WHAT IS NEEDED
In the entries below, begin at the line that has "Alcott Women Linen" and stop after the line that has "Σύνθεση με συνδυασμό"; output those lines exactly, leaving out pictures.

*-*-*

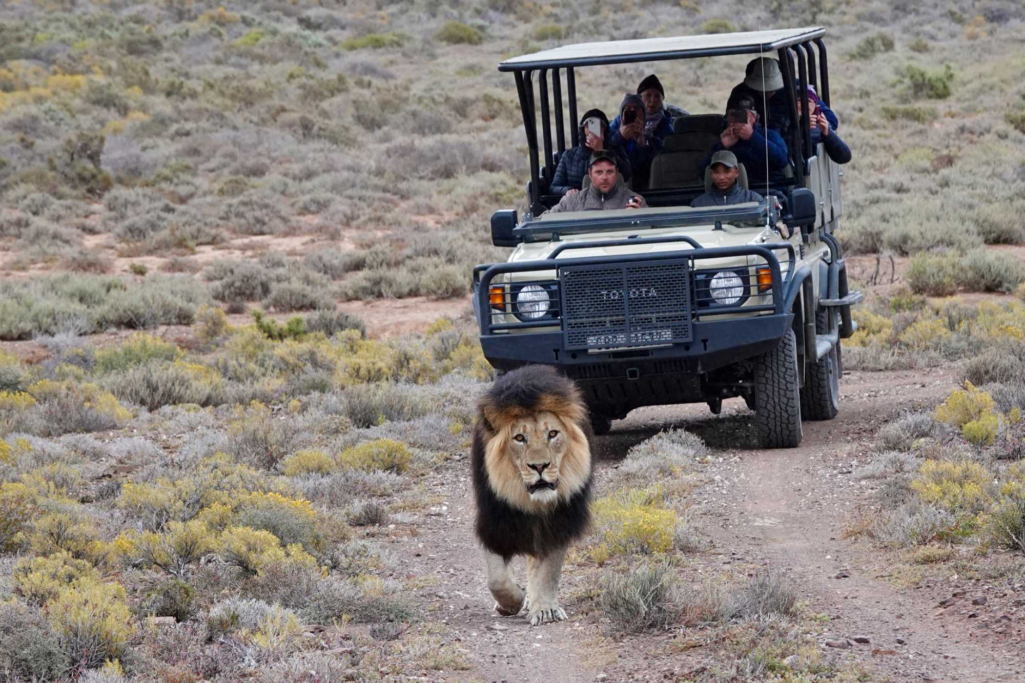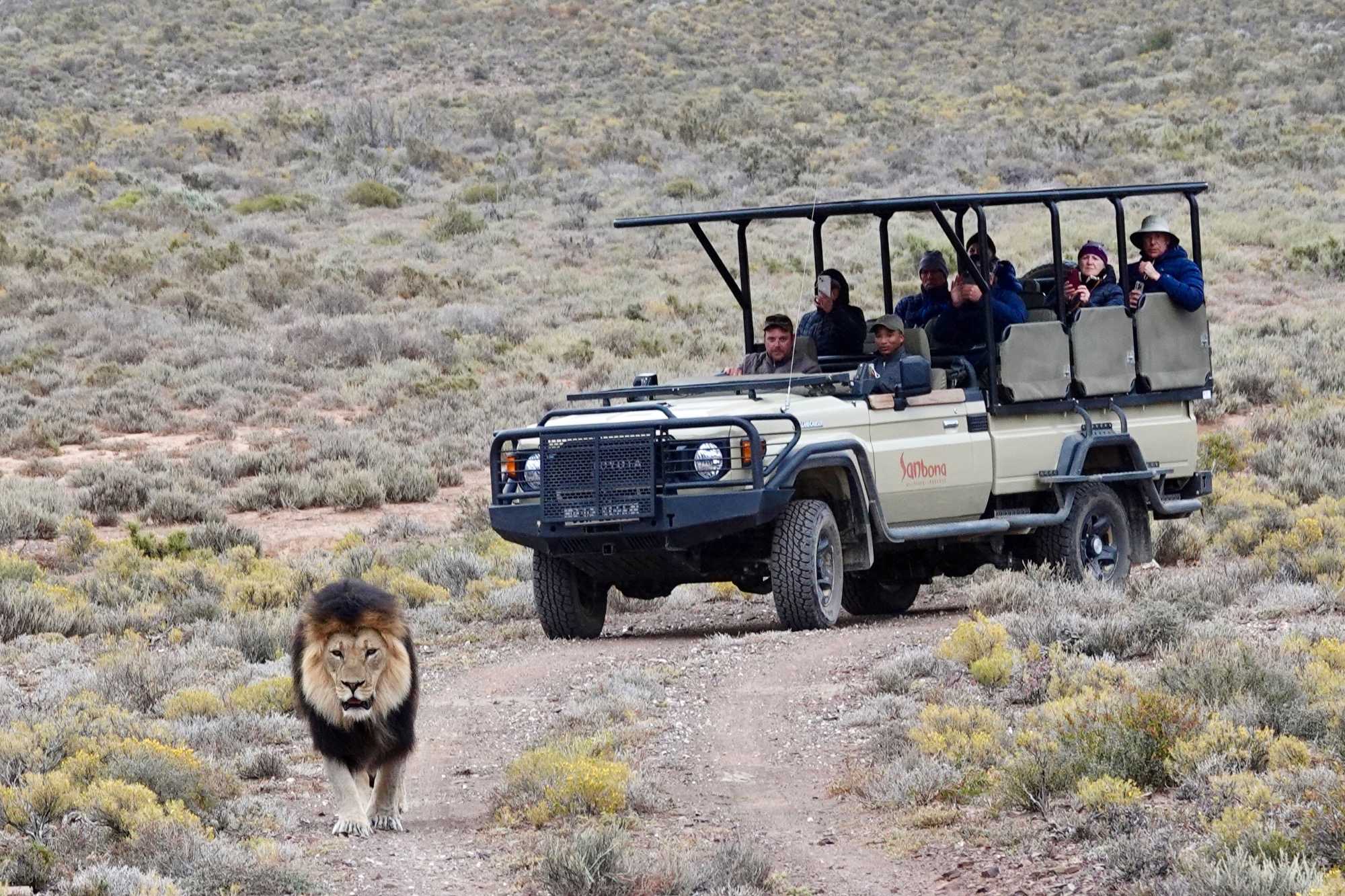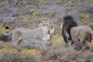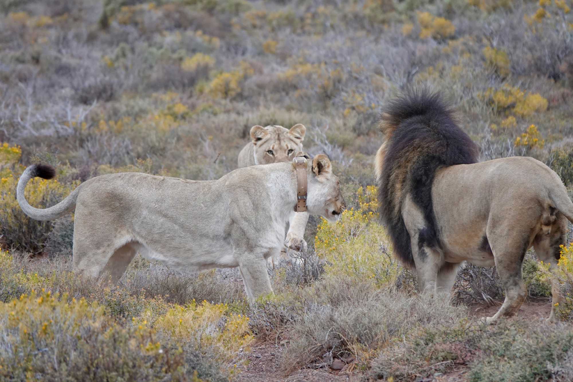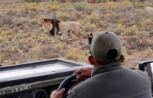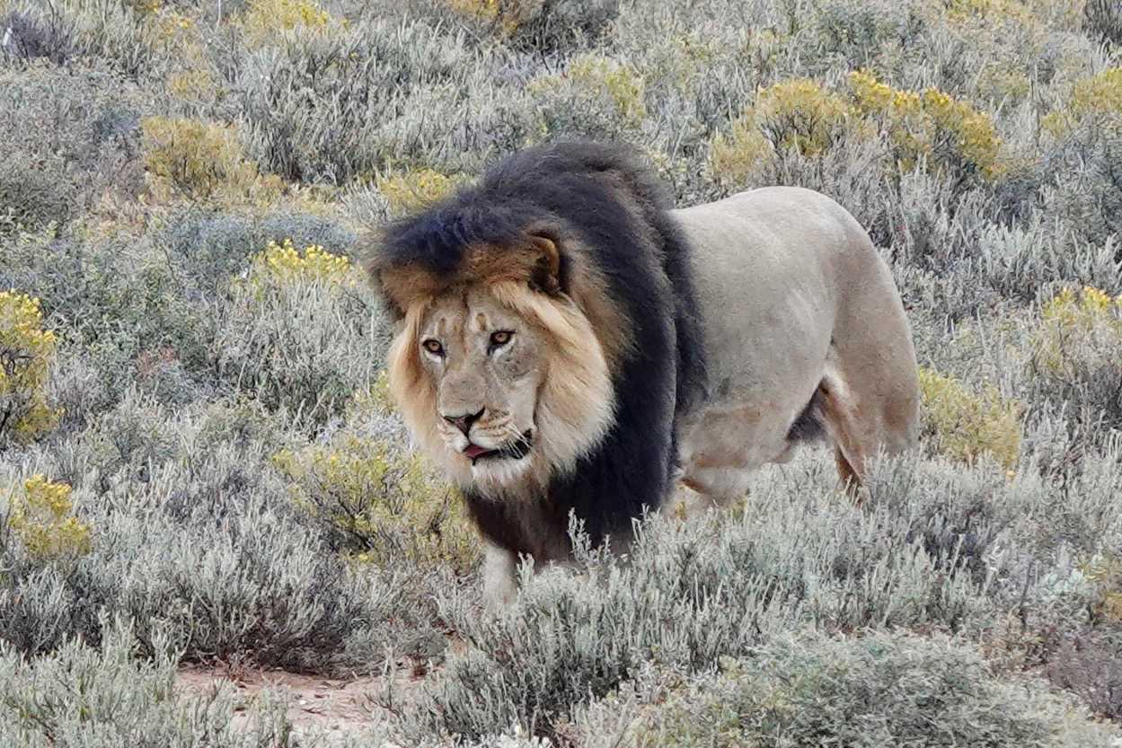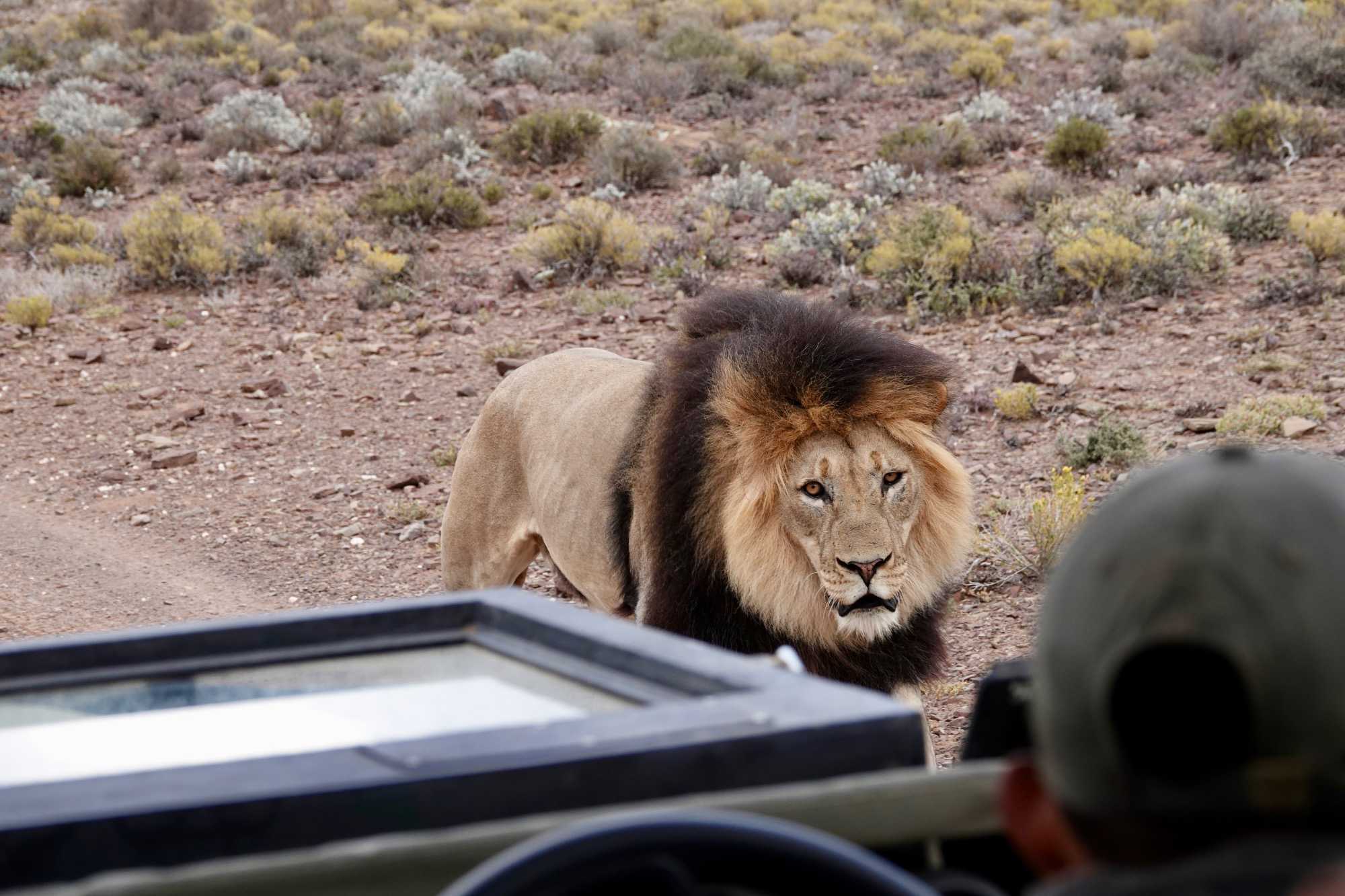 Un peu plus loin, nos guides repèrent deux lionnes qui avancent dans notre direction. Nous comprenons vite que nous allons assister à leurs retrouvailles. Les lionnes étaient parties chasser depuis quelques semaines et reviennent enfin vers le mâle. Ce fut un moment magique et bouleversant : accolades, frottements de tête, gestes tendres… Un spectacle d’une beauté rare, empreint de puissance et de grâce. ❤️Nos guides nous apprennent que la réserve de Sanbona abrite seulement trois lions : un mâle et deux femelles. Les lionnes sont placées sous contraception pour éviter la consanguinité, car la population est volontairement limitée pour préserver l’équilibre naturel du territoire. Nous avons donc été les chanceux qui ont eu la chance de voir toute la famille réunie — un moment que nous n’oublierons jamais. 🦁
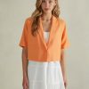 Alcott Women Linen Blend Cropped Blazer JVFH506 Clothing GN3 GREEN LIGHT
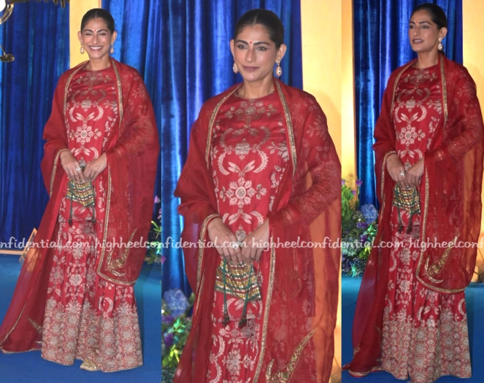 Kubbra wore a red brocade gharara from Raw Mango to a Diwali party on Saturday paired with polki style drop earrings and a striped potli. She looked lovely in it.
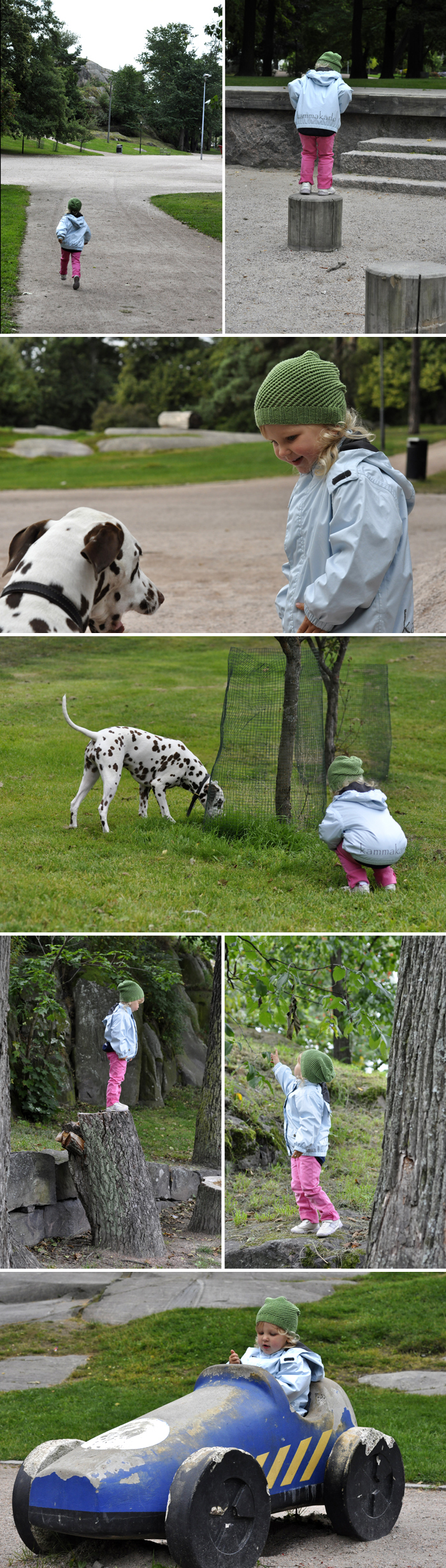 Freja tycker om att leka i Brunnsparken där hon får springa fritt omkring. Här finns också en av stans finaste lekparker, den gamla drakparken, som vi kallar den.
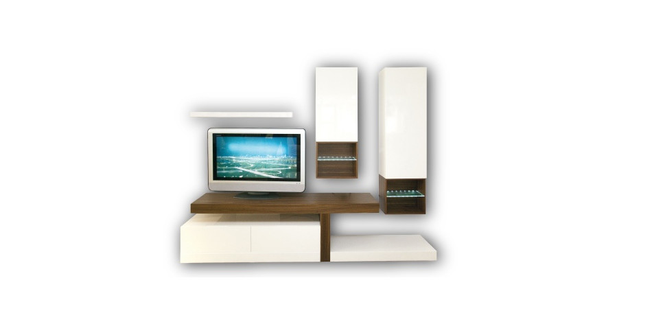 Σύνθεση με συνδυασμό λευκή λάκα με καρυδιά και φωτιζόμενα ραφάκια. 250x45x220cm Διατίθεται σε διαστάσεις και χρώματα της επιλογής σας. PREVIOUSNEXT
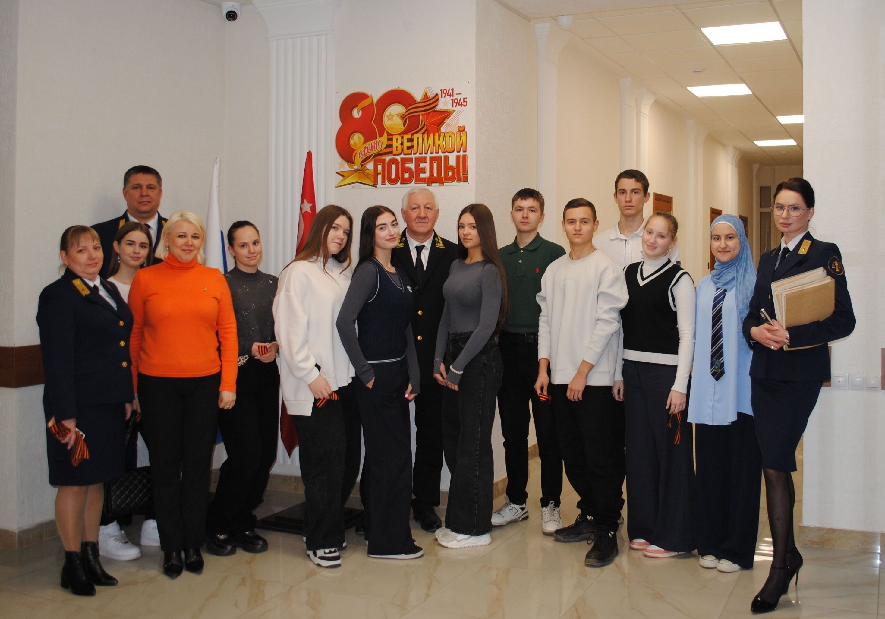 В рамках Концепции информационной политики судебной системы на 2020-2030 годы, в связи с проведением мероприятий, посвященных 80-й годовщине Победы в Великой Отечественной войне 1941-1945 годов, с целью патриотического воспитания школьников, учащиеся 10 классов ГБОУ «Гимназия № 6 г.о. Донецк» посетили Верховный Суд Донецкой Народной Республики. Судьи Верховного Суда провели для учащихся старших классов познавательную экскурсию по залам суда, рассказали историю суда, о категориях дел, рассматриваемых судом, используемых судом современных технологиях, таких, как видео-конференц-связь и комплекс аудиопротоколирования. Школьники на реальном примере смогли ознакомиться с судебным процессом и повысить свою юридическую грамотность. Председатель Совета судей Донецкой Народной Республики Храпин Ю.В. обратил внимание на то, какими качествами должен обладать человек, который хочет стать судьей. Заместитель Председателя Верховного Суда Еремин Д.А. обратил внимание подрастающего поколения на то, что основной задачей судей является вынесение справедливого, законного и обоснованного решения. Руководители структурных подразделений Верховного Суда вручили старшеклассникам георгиевские ленточки. Затем учащиеся посетили музей судебной системы Донецкой Народной Республики, который произвел на старшеклассников большое впечатление. Старшеклассники узнали много нового и зарядились положительными эмоциями. |

*-*-*

EXPECTED ANSWER
 Alcott Women Linen Blend Cropped Blazer JVFH506 Clothing GN3 GREEN LIGHT
 Kubbra wore a red brocade gharara from Raw Mango to a Diwali party on Saturday paired with polki style drop earrings and a striped potli. She looked lovely in it.
 Freja tycker om att leka i Brunnsparken där hon får springa fritt omkring. Här finns också en av stans finaste lekparker, den gamla drakparken, som vi kallar den.
 Σύνθεση με συνδυασμό λευκή λάκα με καρυδιά και φωτιζόμενα ραφάκια. 250x45x220cm Διατίθεται σε διαστάσεις και χρώματα της επιλογής σας. PREVIOUSNEXT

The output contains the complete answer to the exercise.